The importance score of V1 (2.5437) drops significantly compared to its traditional score (5.6953), as conditional importance accounts for its redundancy with duplicate1 and duplicate2.

Predictors like V4 (6.2963) and V2 (4.7600) remain prominent because they are not strongly correlated with others and their contributions are independent.

The scores for V6–V10 remain near zero, confirming they are not used significantly by the model.

8.2 Use a simulation to show tree bias with different granularities

set.seed(123)
n <- 1000

X1 <- runif(n, 0, 10)

X2 <- factor(sample(letters[1:5], n, replace = TRUE))

y <- 0.5 * X1 + as.numeric(X2) + rnorm(n, 0, 1)

data <- data.frame(X1, X2, y)

if (!require("rpart")) install.packages("rpart", dependencies = TRUE)
library(rpart)

tree_model <- rpart(y ~ X1 + X2, data = data, method = "anova")

plot(tree_model)
text(tree_model, use.n = TRUE)

tree_importance <- tree_model$variable.importance
print(tree_importance)

##       X2       X1 
## 1933.049 1895.806

if (!require("randomForest")) install.packages("randomForest", dependencies = TRUE)
library(randomForest)

rf_model <- randomForest(y ~ X1 + X2, data = data, importance = TRUE)

rf_importance <- importance(rf_model)
print(rf_importance)

##      %IncMSE IncNodePurity
## X1  93.31373      2033.961
## X2 249.75163      1954.218

importance_comparison <- data.frame(
  Model = c("Decision Tree", "Random Forest"),
  X1 = c(tree_importance["X1"], rf_importance["X1", "IncNodePurity"]),
  X2 = c(tree_importance["X2"], rf_importance["X2", "IncNodePurity"])
)

print(importance_comparison)

##            Model       X1       X2
## X1 Decision Tree 1895.806 1933.049
##    Random Forest 2033.961 1954.218

barplot(as.matrix(importance_comparison[-1]), beside = TRUE,
        col = c("skyblue", "orange"), legend = rownames(importance_comparison),
        main = "Variable Importance Comparison", ylab = "Importance Score")

Random forests exhibit a mild bias toward predictors with finer granularity though they do better at mitigating the bias than a single tree.

8.7 Refer to Exercises 6.3 and 7.5 which describe a chemical manufacturing process. Use the same data imputation, data splitting, and pre-processing steps as before and train several tree-based models:

a) Which tree-based regression model gives the optimal resampling and test set performance?

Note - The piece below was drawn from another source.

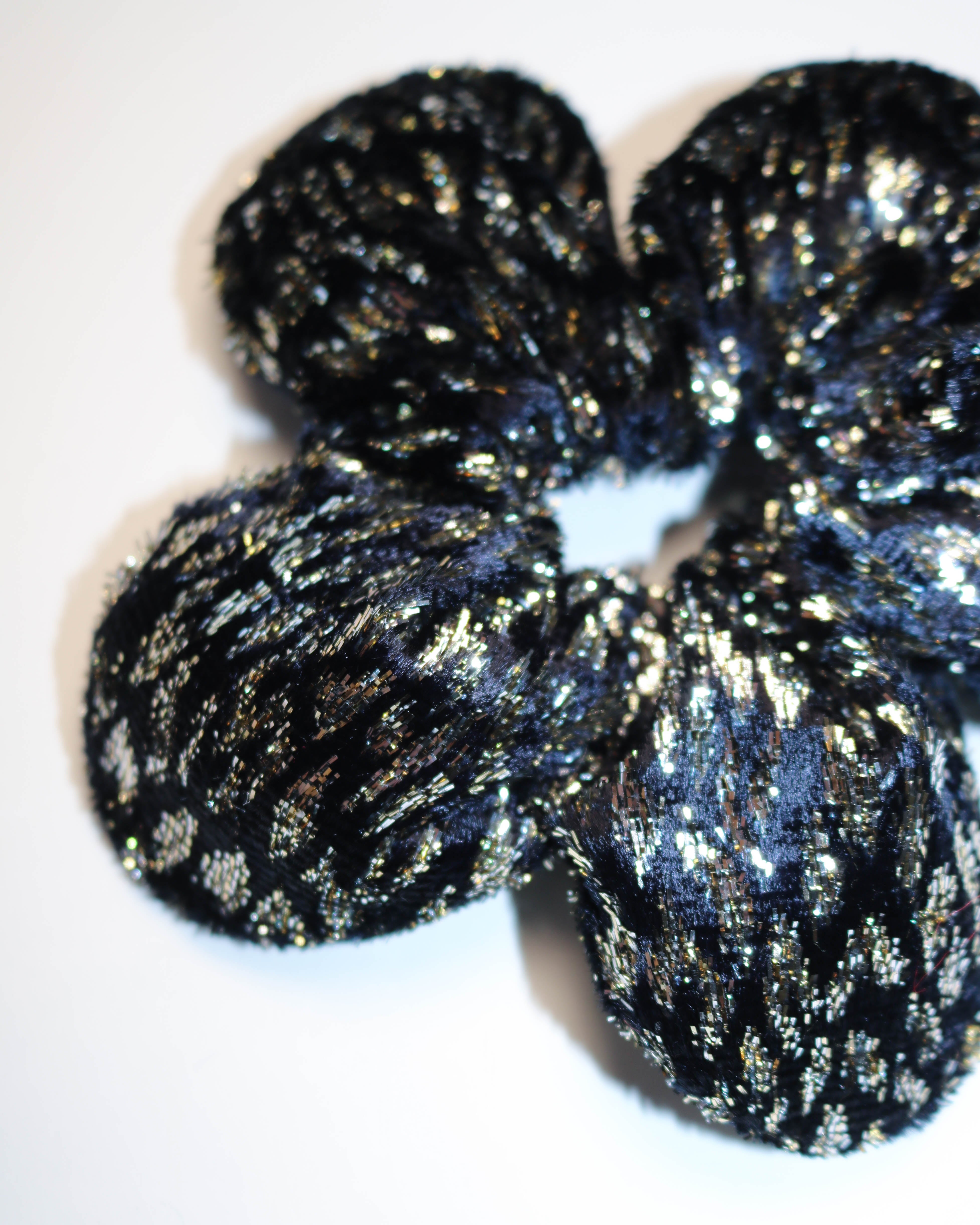 A playful hair accessory in a striking silver velvet fabric which feels light and comfortable when worn. Lightly stuffed to hold its flower shape, with strong elastic for durability.
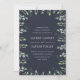 Pintado com cor d'água... armações verdes para seus detalhes de casamento na nossa coleção de casamento do Winter Sage. Elegante design apresenta um rico fundo azul marinho com folhagem botânica verde-clara e gelada e cartazes brancos.

data(ChemicalManufacturingProcess)

predictors <- ChemicalManufacturingProcess[, -1]
preProcess_params <- preProcess(predictors, method = "medianImpute")
predictors_imputed <- predict(preProcess_params, predictors)
ChemicalManufacturingProcess_imputed <- cbind(
  Yield = ChemicalManufacturingProcess$Yield, predictors_imputed
)

set.seed(123)
trainIndex <- createDataPartition(ChemicalManufacturingProcess$Yield, p = 0.8, list = FALSE)
train_data <- ChemicalManufacturingProcess_imputed[trainIndex, ]
test_data <- ChemicalManufacturingProcess_imputed[-trainIndex, ]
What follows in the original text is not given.